The reads were aligned to the public human genome reference using
the alignment algorithm STAR. The expression level of each gene was
measured from information on the aligned analysis sequences.
[0207] Normalization of Targeted RNA-Seq Expression Information
[0208] Normalization was performed using patients used for modeling
and the genes of the patients. Normalization was performed using
343 patients and 179 genes. Only 21 genes were used to calculate
the recurrence score, and all genes were used for
normalization.
[0209] The present disclosure has provided genes and gene sets
useful for predicting the response of cancer (e.g., breast cancer)

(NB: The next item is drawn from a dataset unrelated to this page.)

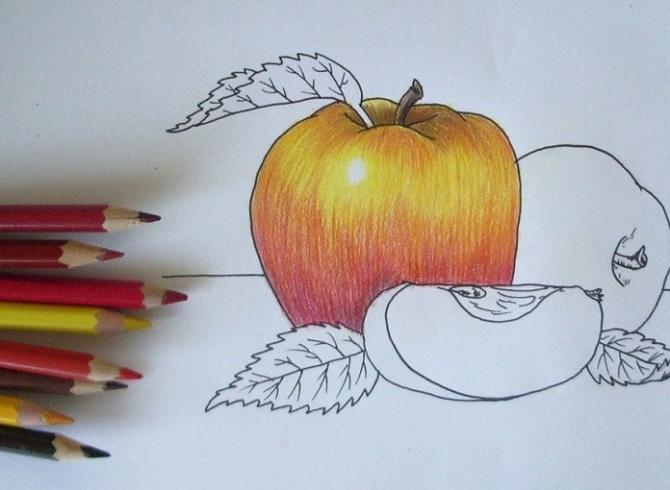 Красивое яблоко карандашом.

patients to chemotherapy. The present disclosure has also provided
a clinically effective test that uses multi-gene RNA analysis to
predict the response of breast cancer patients to chemotherapy.
[0210] The present inventors have selected and identified a set of
genes useful for predicting whether cancer patients, e.g., breast
cancer patients, are more likely to respond favorably to
chemotherapy. For the prediction as described above, the following
six gene groups were categorized and selected: (1) an
estrogen-related gene group, (2) an invasion-related gene group,
(3) an immune-related gene group, (4) a proliferation-related gene
group, (5) a cell cycle-related gene group, and (6) other gene
group. More specifically, the genes selected by the present
inventors were selected from the group consisting of ESR1 (estrogen
receptor 1), PGR (progesterone receptor), SCUBE2 (signal peptide.
CUB domain and EGF like domain containing 2), CTSL2 (cathepsin V),
MMP11 (matrix metallopeptidase 11), TFRC (transferrin receptor),
CX3CR1 (C-X3-C motif chemokine receptor 1), KIF14 (kinesin family
member 14), RRM2 (ribonucleotide reductase regulatory subunit M2),
SHCBP1 (SHC binding and spindle associated 1), SLC7A5 (solute
carrier family 7 member 5), KPNA2 (karyopherin subunit alpha 2),
AURKA (aurora kinase A), CCNE2 (cyclin E2), CENPE (centromere
protein E), E2F8 (E2F transcription factor 8), KIF18A (kinesin
family member 18A), KIF23 (kinesin family member 23), JMJD5 (lysine
demethylase 8), CACNA1D (calcium voltage-gated channel subunit
alpha1 D), and GSTM1 (glutathione S-transferase Mu 1).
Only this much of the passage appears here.